-- Material provided follows --
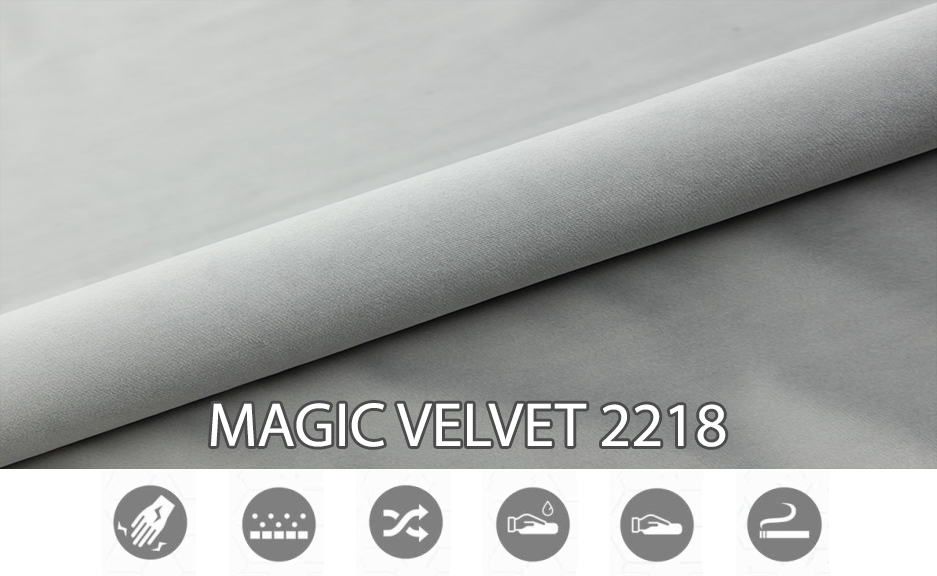 Magic Velvet je zamatová látka, ktorá je hebká a jemná na dotyk. Je vysoko odolná proti oderu a pri používaní sa nežmolkuje. Látka Magic Velvet má certifikát o vlastnostiach spomaľujúcich horenie a Cleanaboo vlastnostiach, ktoré zabraňujú vstrebávaniu tekutiny do konštrukcie nábytku. Materiál navyše získal certifikát PETPROOF, ktorý potvrdzuje jeho vysokú odolnosť voči škrabancom spôsobeným zvieracími pazúrmi. Zloženie 100% polyester. Gramáž 300g m2 +/- 5%.
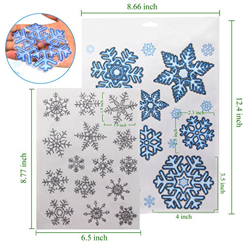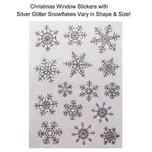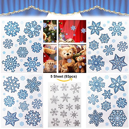 - ❄Quantity & Design: 5 sheets beautiful snowflakes glueless PVC window decals sticker, including 93pcs silver glitterin snowflakes vary in shape and size!
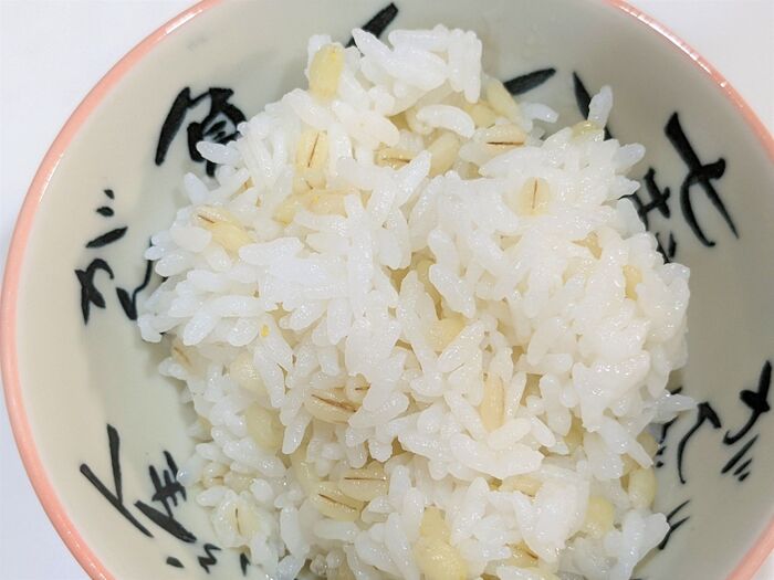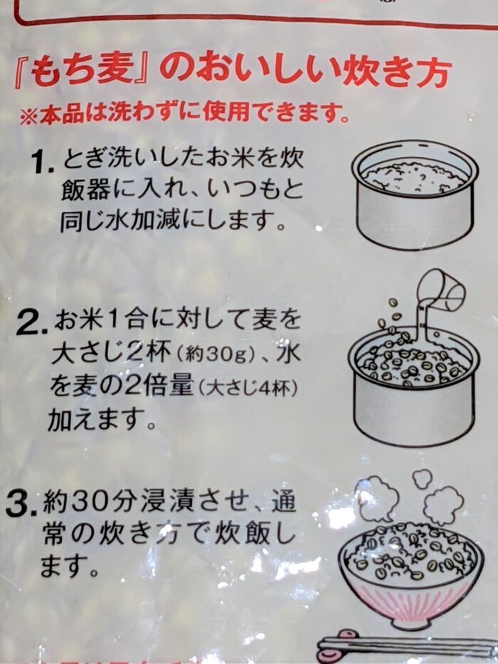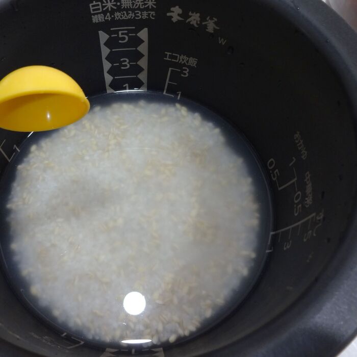 通常のお水に、大さじ2のもち麦に対して大さじ4の水を足します。
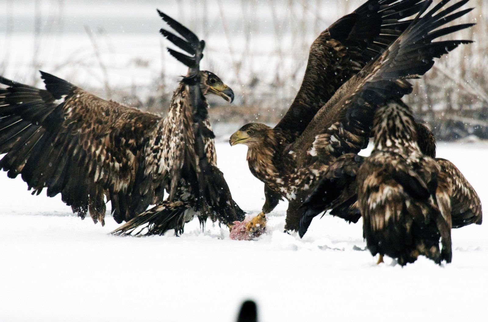 Das Oder-Delta - Grenzenlose Wildnis an der OstseeDer Winter bietet Seeadlern zwar reichlich Nahrung, die Greifvögel kämpfen aber trotzdem um jeden Happen.Bild: © ORF 2
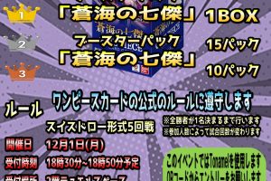 大会告知 ONE PIECE カード担当からお知らせです!📢 突然ですが! 12月1日月曜日に BOX争奪戦を開催します!! 優勝賞品には 『ブースターパック 蒼海の七傑 1BOX』 をご用意させていただ…
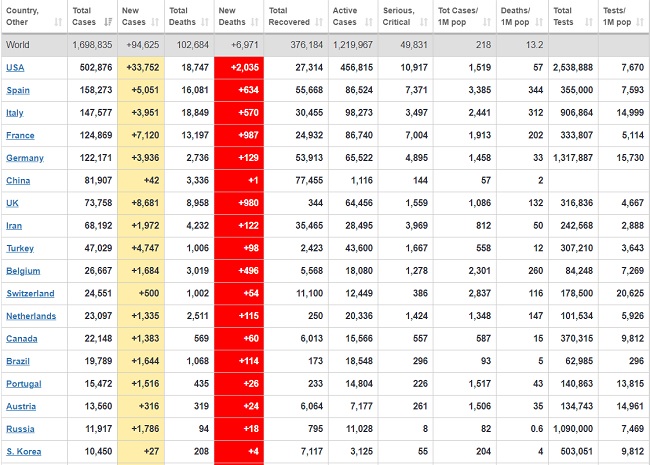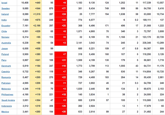 Данные по миру за сутки 10 апреля (с 00-00 по 24-00) по данным "Всемирной статистики" — одного из трех источников, которыми официально пользуется Роспотребнадзор (желтым — число заболевших за сутки, красным — число умерших за сутки):
-- Material provided concluded --
**Problem to solve**. Return the full material word for word. Do not include the pictures.

**Solution to the problem**.
 Magic Velvet je zamatová látka, ktorá je hebká a jemná na dotyk. Je vysoko odolná proti oderu a pri používaní sa nežmolkuje. Látka Magic Velvet má certifikát o vlastnostiach spomaľujúcich horenie a Cleanaboo vlastnostiach, ktoré zabraňujú vstrebávaniu tekutiny do konštrukcie nábytku. Materiál navyše získal certifikát PETPROOF, ktorý potvrdzuje jeho vysokú odolnosť voči škrabancom spôsobeným zvieracími pazúrmi. Zloženie 100% polyester. Gramáž 300g m2 +/- 5%.
 - ❄Quantity & Design: 5 sheets beautiful snowflakes glueless PVC window decals sticker, including 93pcs silver glitterin snowflakes vary in shape and size!
 通常のお水に、大さじ2のもち麦に対して大さじ4の水を足します。
 Das Oder-Delta - Grenzenlose Wildnis an der OstseeDer Winter bietet Seeadlern zwar reichlich Nahrung, die Greifvögel kämpfen aber trotzdem um jeden Happen.Bild: © ORF 2
 大会告知 ONE PIECE カード担当からお知らせです!📢 突然ですが! 12月1日月曜日に BOX争奪戦を開催します!! 優勝賞品には 『ブースターパック 蒼海の七傑 1BOX』 をご用意させていただ…
 Данные по миру за сутки 10 апреля (с 00-00 по 24-00) по данным "Всемирной статистики" — одного из трех источников, которыми официально пользуется Роспотребнадзор (желтым — число заболевших за сутки, красным — число умерших за сутки):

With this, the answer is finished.